SUPPLIED RECORDS:
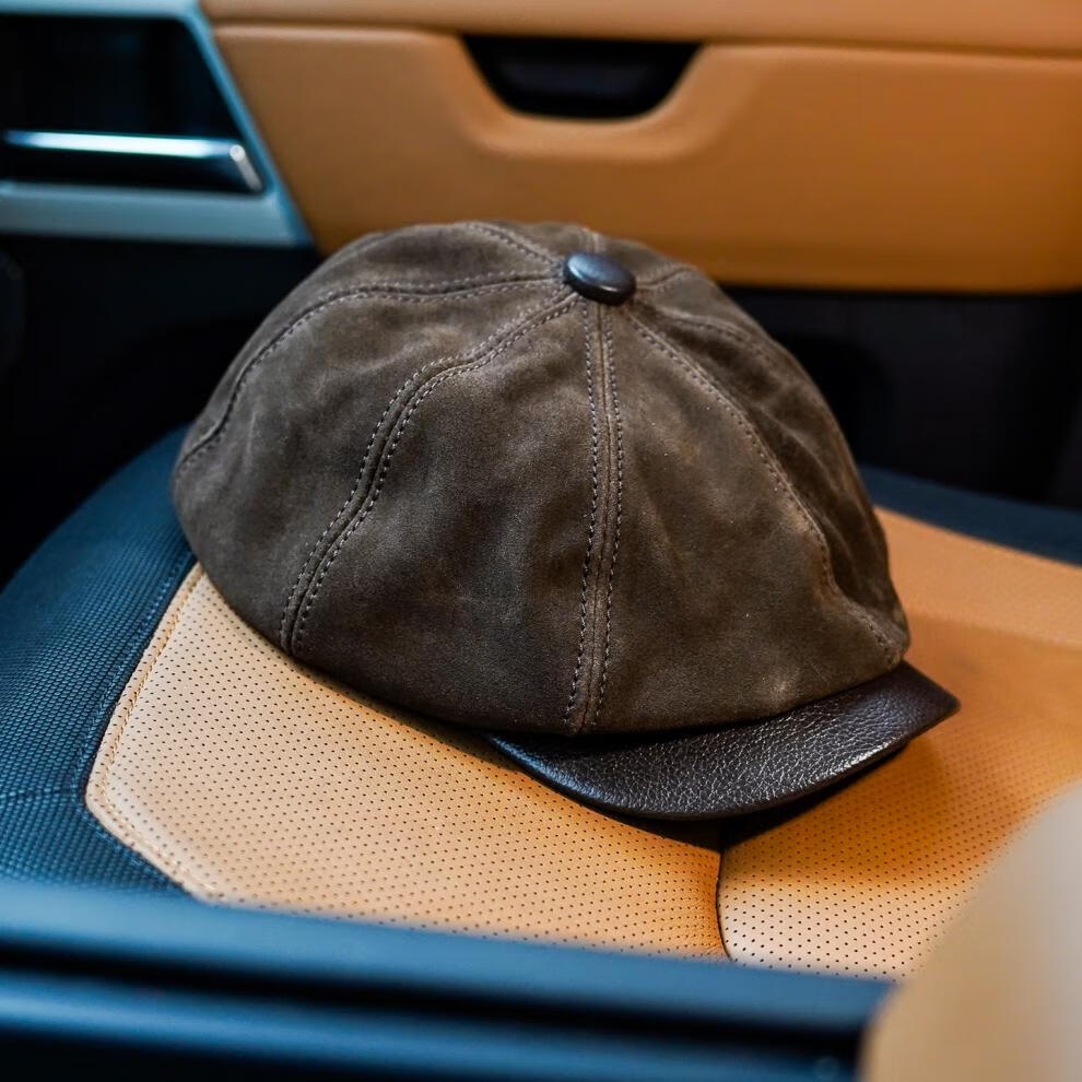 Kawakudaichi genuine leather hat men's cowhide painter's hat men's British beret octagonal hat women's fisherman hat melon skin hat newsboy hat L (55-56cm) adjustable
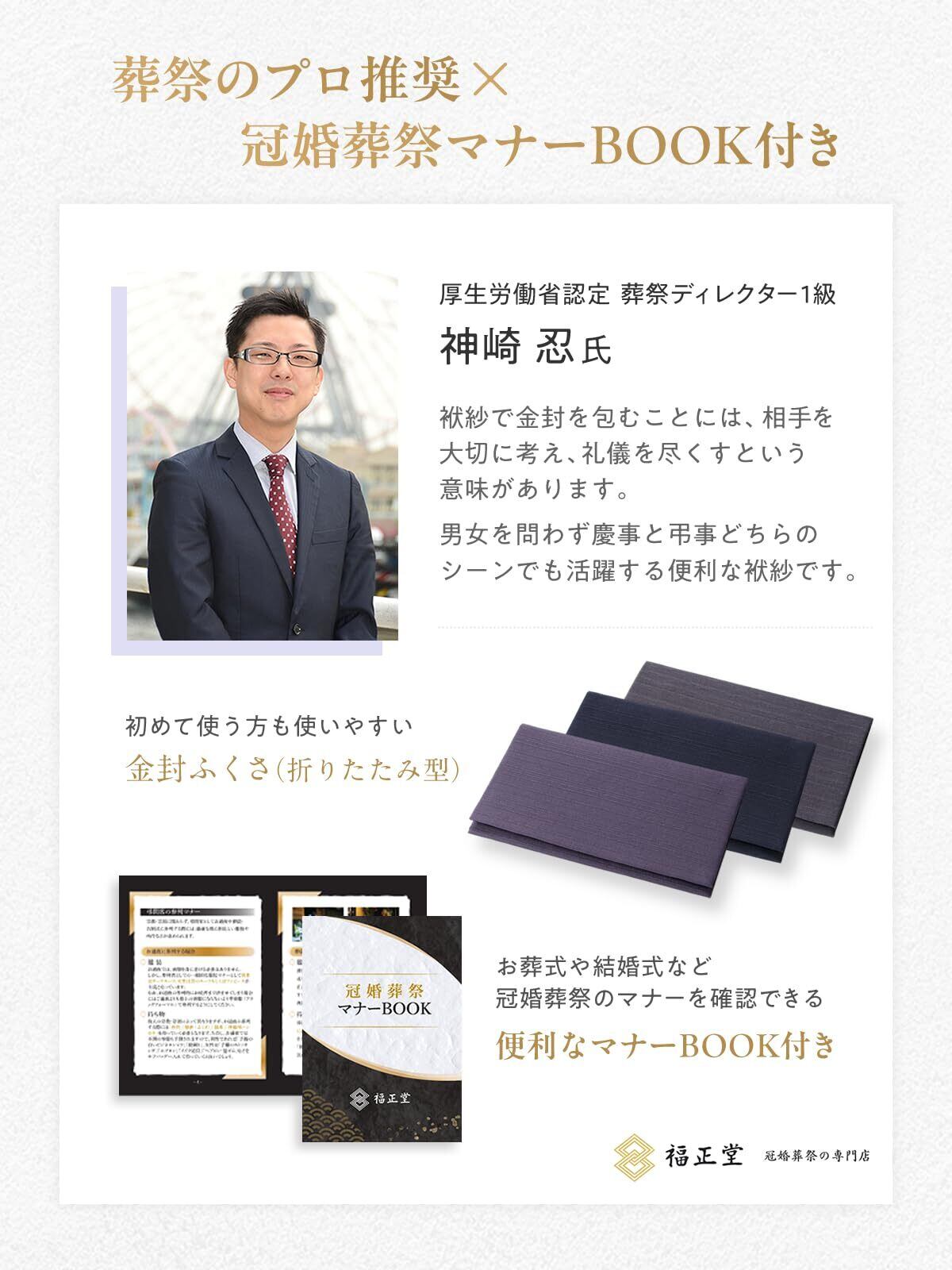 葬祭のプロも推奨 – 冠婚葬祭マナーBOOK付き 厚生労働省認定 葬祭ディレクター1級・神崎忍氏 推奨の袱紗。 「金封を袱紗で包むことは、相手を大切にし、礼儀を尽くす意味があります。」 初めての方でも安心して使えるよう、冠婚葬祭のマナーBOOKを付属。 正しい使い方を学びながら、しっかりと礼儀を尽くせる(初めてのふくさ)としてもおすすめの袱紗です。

* * *

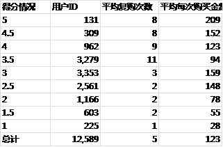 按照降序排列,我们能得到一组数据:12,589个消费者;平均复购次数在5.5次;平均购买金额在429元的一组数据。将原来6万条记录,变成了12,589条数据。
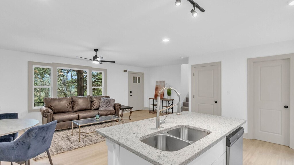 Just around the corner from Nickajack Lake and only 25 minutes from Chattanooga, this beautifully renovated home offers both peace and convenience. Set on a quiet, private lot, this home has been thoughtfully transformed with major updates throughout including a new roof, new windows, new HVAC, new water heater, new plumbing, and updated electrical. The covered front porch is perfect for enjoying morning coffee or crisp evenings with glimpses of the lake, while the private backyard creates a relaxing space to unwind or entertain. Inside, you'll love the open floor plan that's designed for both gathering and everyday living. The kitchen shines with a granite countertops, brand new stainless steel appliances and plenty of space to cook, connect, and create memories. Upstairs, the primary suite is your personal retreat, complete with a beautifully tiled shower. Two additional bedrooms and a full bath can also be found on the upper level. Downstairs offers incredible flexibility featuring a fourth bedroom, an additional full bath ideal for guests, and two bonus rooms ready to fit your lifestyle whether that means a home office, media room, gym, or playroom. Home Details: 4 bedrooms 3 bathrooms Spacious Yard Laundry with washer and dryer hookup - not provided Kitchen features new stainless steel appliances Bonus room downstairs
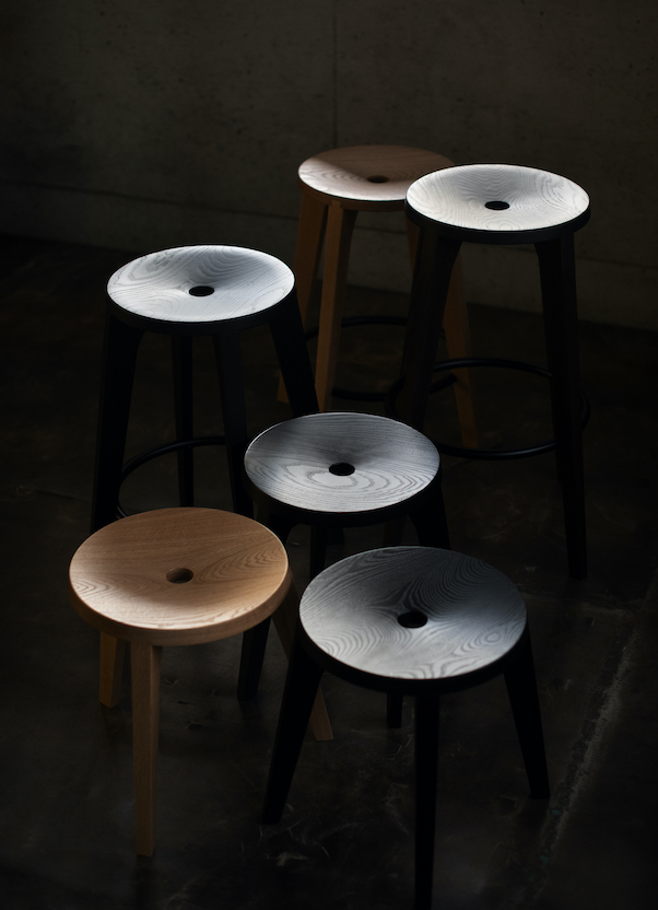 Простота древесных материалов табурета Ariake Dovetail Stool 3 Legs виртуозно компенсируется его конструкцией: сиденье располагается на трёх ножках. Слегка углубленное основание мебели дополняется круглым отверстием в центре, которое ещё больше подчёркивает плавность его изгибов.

--

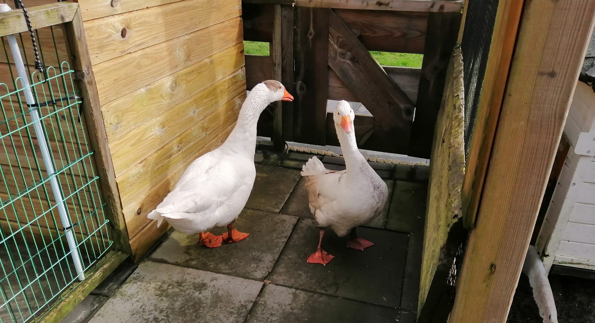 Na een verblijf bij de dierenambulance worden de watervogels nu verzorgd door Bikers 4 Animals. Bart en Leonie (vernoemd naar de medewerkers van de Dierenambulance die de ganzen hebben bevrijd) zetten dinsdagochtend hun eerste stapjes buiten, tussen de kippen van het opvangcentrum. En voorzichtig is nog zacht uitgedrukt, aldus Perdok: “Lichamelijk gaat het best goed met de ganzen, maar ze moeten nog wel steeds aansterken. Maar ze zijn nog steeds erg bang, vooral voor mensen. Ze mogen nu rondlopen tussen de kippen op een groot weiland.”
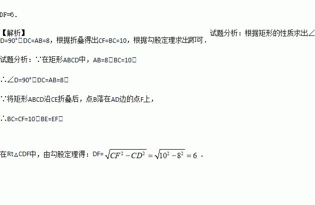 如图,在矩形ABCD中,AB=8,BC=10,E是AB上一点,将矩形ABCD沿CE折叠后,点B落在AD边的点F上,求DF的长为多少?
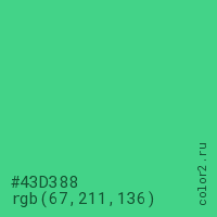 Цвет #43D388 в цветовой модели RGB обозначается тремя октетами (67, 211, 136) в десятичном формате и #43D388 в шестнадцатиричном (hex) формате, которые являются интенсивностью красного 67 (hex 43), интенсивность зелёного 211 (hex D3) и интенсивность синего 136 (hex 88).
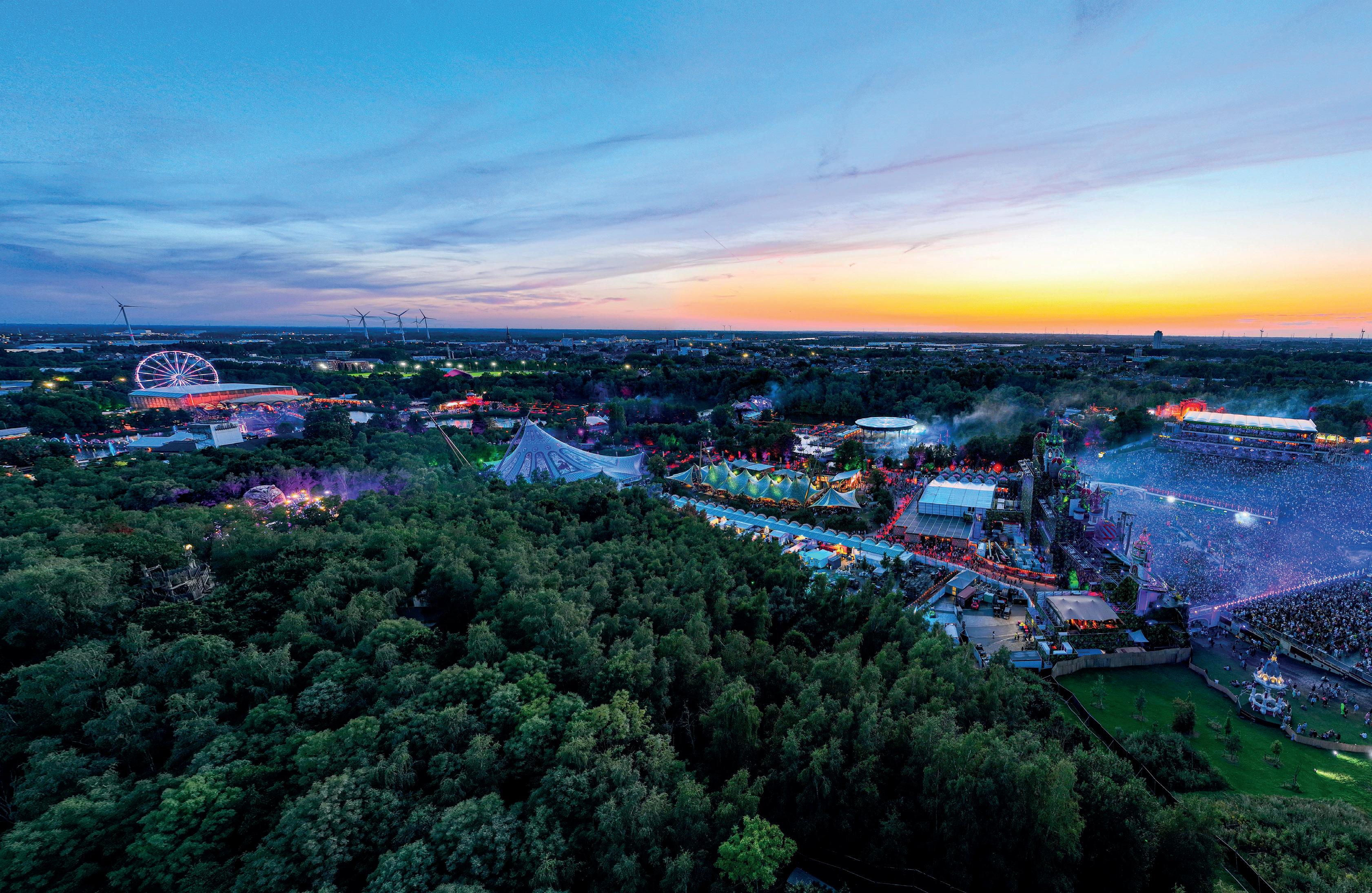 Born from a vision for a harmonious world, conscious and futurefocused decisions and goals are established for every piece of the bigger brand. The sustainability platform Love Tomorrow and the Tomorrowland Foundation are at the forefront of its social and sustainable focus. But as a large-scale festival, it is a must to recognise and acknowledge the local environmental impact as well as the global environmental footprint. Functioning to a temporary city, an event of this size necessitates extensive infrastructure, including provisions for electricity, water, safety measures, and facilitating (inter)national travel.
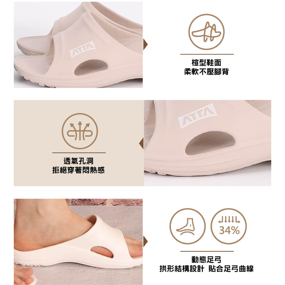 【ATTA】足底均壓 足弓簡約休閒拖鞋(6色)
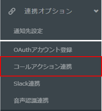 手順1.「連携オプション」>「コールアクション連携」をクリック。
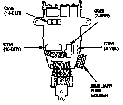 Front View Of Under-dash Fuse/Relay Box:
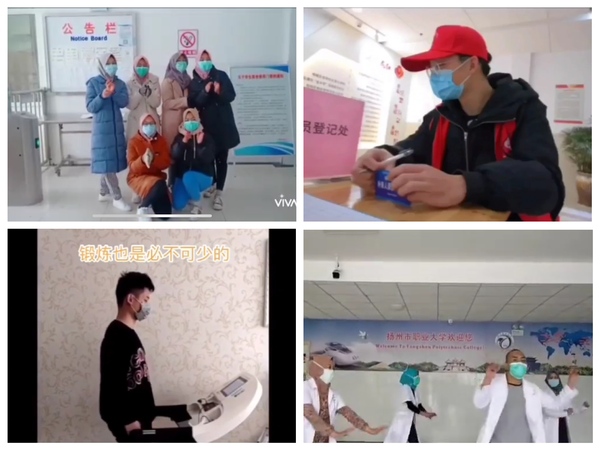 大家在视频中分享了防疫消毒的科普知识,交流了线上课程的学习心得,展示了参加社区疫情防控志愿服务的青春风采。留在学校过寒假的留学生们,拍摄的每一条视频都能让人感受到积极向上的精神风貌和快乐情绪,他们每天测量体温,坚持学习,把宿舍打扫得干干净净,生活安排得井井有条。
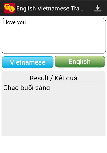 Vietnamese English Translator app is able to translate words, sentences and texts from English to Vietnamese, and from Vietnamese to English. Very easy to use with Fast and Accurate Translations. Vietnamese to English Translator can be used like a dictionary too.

YOUR OBJECTIVE: Your answer must be everything above from the line with "Kawakudaichi genuine leather" down to the line with "葬祭のプロも推奨 – 冠婚葬祭マナーBOOK付き", word for word, and no pictures.

ANSWER FOR THIS EXERCISE:
 Kawakudaichi genuine leather hat men's cowhide painter's hat men's British beret octagonal hat women's fisherman hat melon skin hat newsboy hat L (55-56cm) adjustable
 葬祭のプロも推奨 – 冠婚葬祭マナーBOOK付き 厚生労働省認定 葬祭ディレクター1級・神崎忍氏 推奨の袱紗。 「金封を袱紗で包むことは、相手を大切にし、礼儀を尽くす意味があります。」 初めての方でも安心して使えるよう、冠婚葬祭のマナーBOOKを付属。 正しい使い方を学びながら、しっかりと礼儀を尽くせる(初めてのふくさ)としてもおすすめの袱紗です。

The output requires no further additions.